The Effect of Simulated High Sea States on Surgical Performance
As a Human Factors Engineer supporting the Human Systems Integration (HSI) team at NSWC PCD, I contributed to a research initiative evaluating the feasibility of performing emergency surgeries aboard naval vessels under high sea states.
To simulate real-world conditions, our team collected motion data from a catamaran outfitted with specialized sensors and used it to replicate sea-state movement in a custom-built mobile operating room. Over a two-month period, trained Navy surgeons performed simulated trauma procedures on partial-task surgical dummies while exposed to varying levels of ship motion.
Project Overview
Title: Surgery at Sea: Evaluating Surgical Performance in Simulated Naval Conditions
Role: Human Factors Engineer
Team: Naval medical experts, engineers, researchers
Focus: Applied usability research, physiological data analysis, motion simulation
Research Objective: To assess how ship motion affects surgical team performance and physiological stress, and to inform the design and deployment of mobile surgical units for combat support scenarios.
My Contributions
Supported the design and execution of the human performance study.
Assisted with the building of the motion simulator (Stewart motion table).
Conducted behavioral observations and coordinated physiological data collection.
Helped analyze survey and biometric data to identify patterns in workload and stress response.
Methodology
Simulated 144 surgical procedures across sea states 0, 3, and 4 using a Stewart motion platform.
Used partial-task surgical simulators to replicate common wartime injuries.
Collected EEG and heart rate variability (HRV) data to monitor physiological stress.
Administered pre- and post-surgery surveys to assess workload and motion sickness.
A civilian trauma surgeon evaluated surgical outcomes to benchmark performance.
Impact
Informed the feasibility of deploying mobile surgical units aboard maneuverable naval vessels.

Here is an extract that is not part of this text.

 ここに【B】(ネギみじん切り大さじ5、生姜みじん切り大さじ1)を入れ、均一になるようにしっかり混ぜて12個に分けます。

Contributed to improved access to timely surgical care in combat zones.
Provided foundational data for future research in extreme environment usability.
Key Findings
Motion did not significantly impact overall surgical performance; procedure type and team dynamics were stronger predictors.
Surgeons reported higher perceived workload under motion, despite physiological data suggesting adaptation.
HRV suppression indicated stress coping mechanisms in motion conditions.
Training and team cohesion were critical to maintaining performance.
Reflections
This project strengthened my skills in high-stakes usability testing, physiological data analysis, and designing for extreme environments. It also deepened my appreciation for cross-disciplinary collaboration and continues to influence my user-centered approach to complex system design.